▽
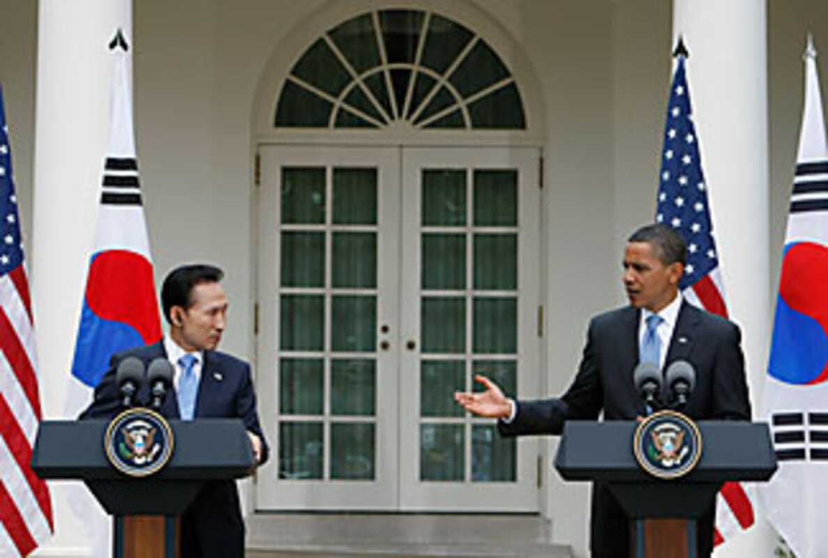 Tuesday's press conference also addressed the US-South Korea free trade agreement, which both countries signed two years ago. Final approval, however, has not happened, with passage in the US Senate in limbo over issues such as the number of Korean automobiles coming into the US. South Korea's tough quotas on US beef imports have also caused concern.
△
▽
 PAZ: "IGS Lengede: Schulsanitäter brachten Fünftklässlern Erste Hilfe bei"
△
▽
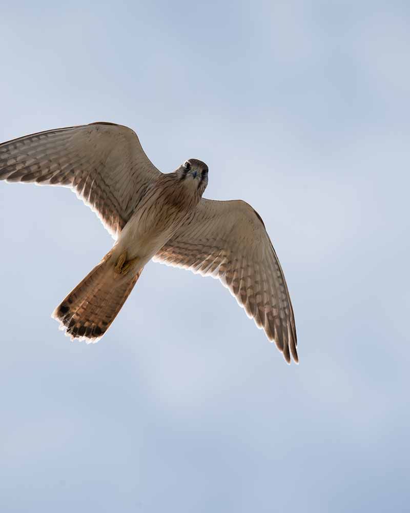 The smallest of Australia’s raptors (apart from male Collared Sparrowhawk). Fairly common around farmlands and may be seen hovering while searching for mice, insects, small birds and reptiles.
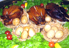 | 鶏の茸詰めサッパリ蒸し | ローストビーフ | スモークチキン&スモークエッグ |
△
When copying from the data above, print only the lines from the line containing "The smallest of" to the line containing "ローストビーフ | スモークチキン&スモークエッグ |", exactly, and leave the pictures out.

• EXERCISE ANSWER
 The smallest of Australia’s raptors (apart from male Collared Sparrowhawk). Fairly common around farmlands and may be seen hovering while searching for mice, insects, small birds and reptiles.
 | 鶏の茸詰めサッパリ蒸し | ローストビーフ | スモークチキン&スモークエッグ |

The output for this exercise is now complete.